本稿では,幾何制約を伴う多視点一貫した特徴を学習するために,幾何対応のコントラスト学習を導入することを提案する。
提案手法は,PSNR,SSIM,LPIPSの点で,既存の一般化可能な新規ビュー合成手法よりも高い画質で精細な画像を描画することができる。
論文 参考訳(メタデータ) (2023-03-20T12:06:14Z) - ProbNVS: Fast Novel View Synthesis with Learned Probability-Guided
Sampling [42.37704606186928]
本稿では,MVSの事前学習に基づいて,新しいビュー合成フレームワークを構築することを提案する。

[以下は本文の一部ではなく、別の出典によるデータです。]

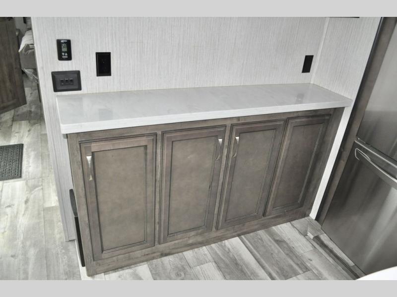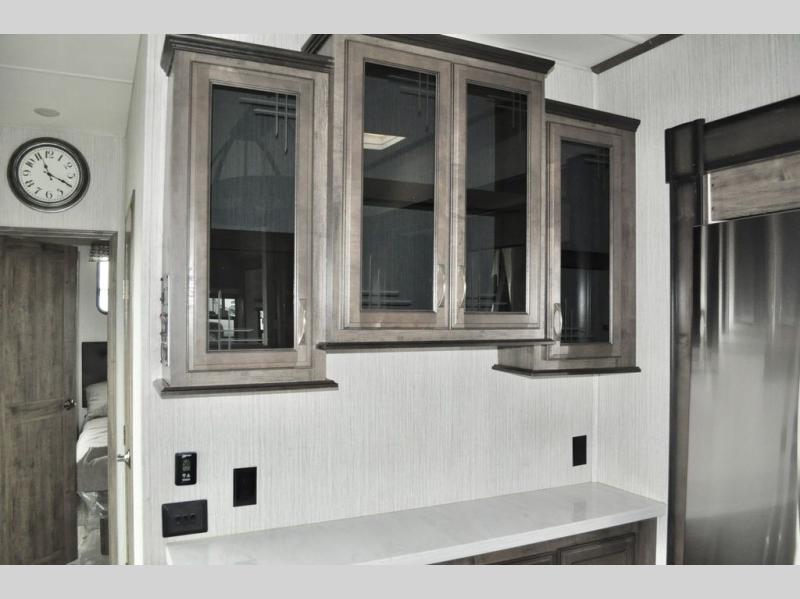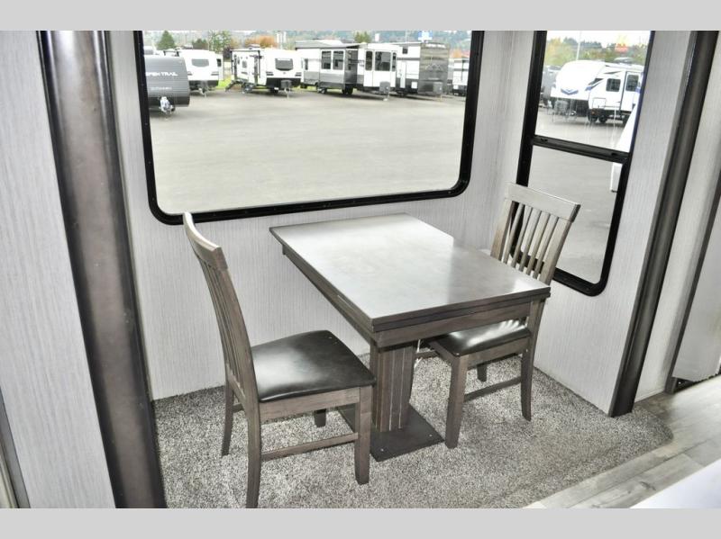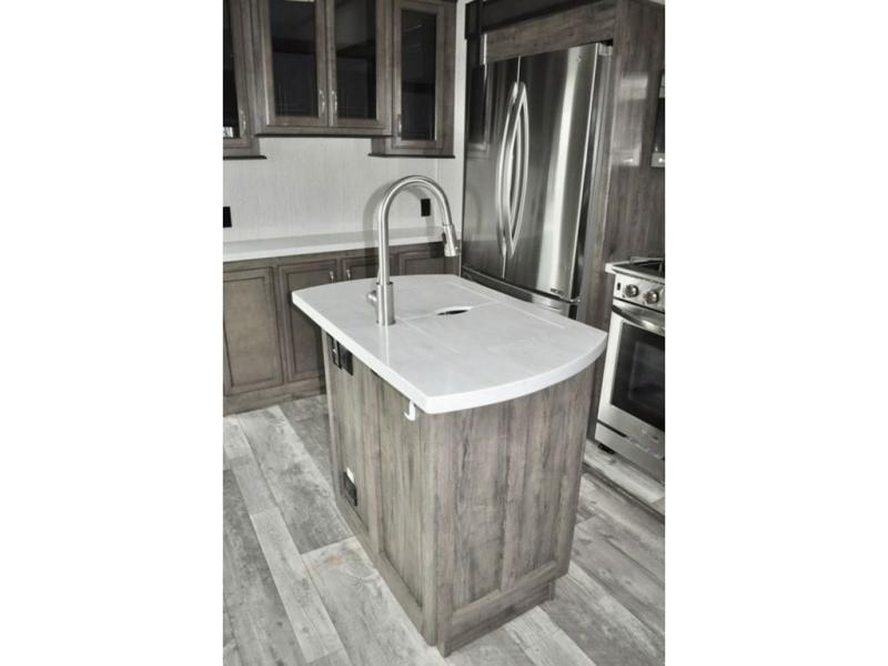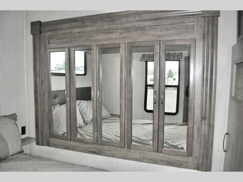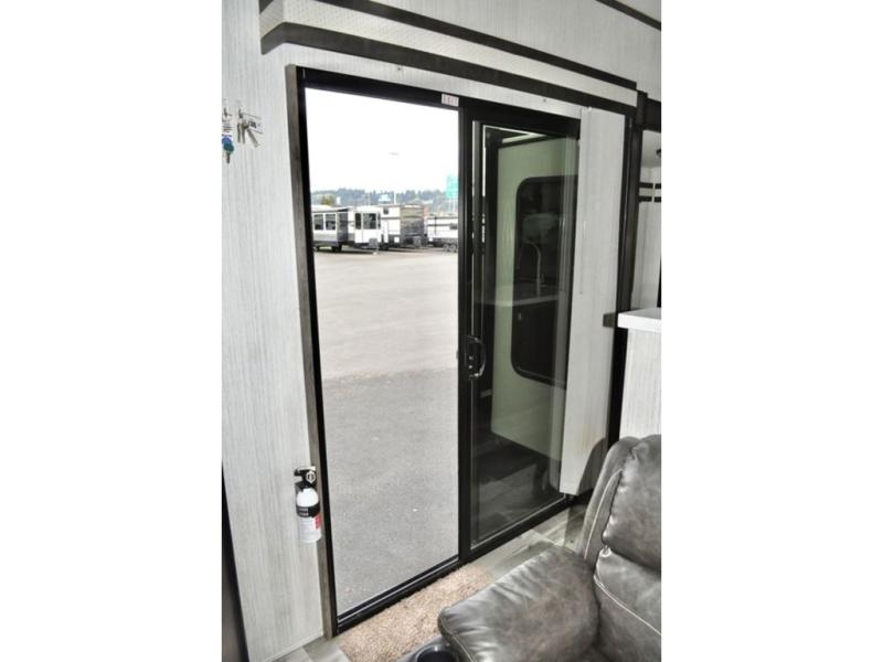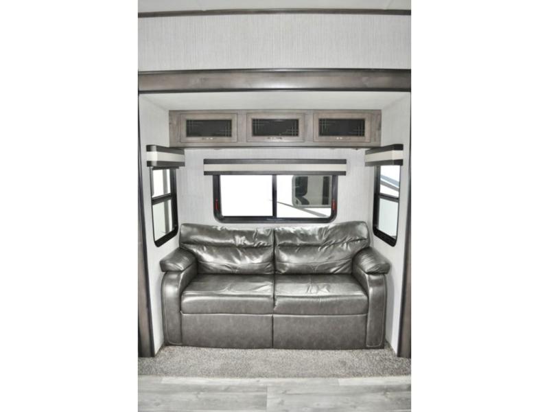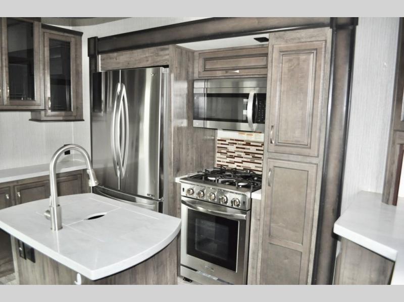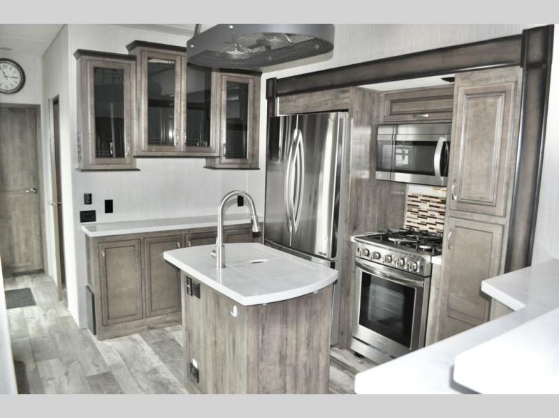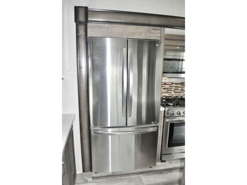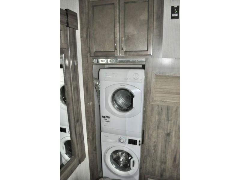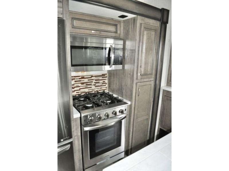 Enjoy extended stays in this five slide out destination trailer. You will feel right at home in the rear bedroom with its queen bed, dual nightstands, plus a closet with washer/dryer prep if you choose that option. The kitchen island will be perfect for cleaning up after a big meal, and the table with four chairs allows you to dine just like you would at home. There is also a large pantry and a 22 cu. ft. stainless steel refrigerator to store plenty of food. Everyone will love to gather in the front living area that includes a front entertainment center with a fireplace, theater seating, and two hide-a-bed sofas that will be perfect for overnight guests.

本手法は,最先端のベースラインに比べて15~40倍高速なレンダリングを実現する。
論文 参考訳(メタデータ) (2022-04-07T14:45:42Z) - Street-view Panoramic Video Synthesis from a Single Satellite Image [92.26826861266784]
時間的および幾何学的に一貫したストリートビューパノラマビデオの両方を合成する新しい方法を提示する。
既存のクロスビュー合成アプローチは画像に重点を置いているが、そのような場合のビデオ合成はまだ十分な注目を集めていない。
論文 参考訳(メタデータ) (2020-12-11T20:22:38Z)
関連論文リストは本サイト内にある論文のタイトル・アブストラクトから自動的に作成しています。
指定された論文の情報です。
本サイトの運営者は本サイト(すべての情報・翻訳含む)の品質を保証せず、本サイト(すべての情報・翻訳含む)を使用して発生したあらゆる結果について一切の責任を負いません。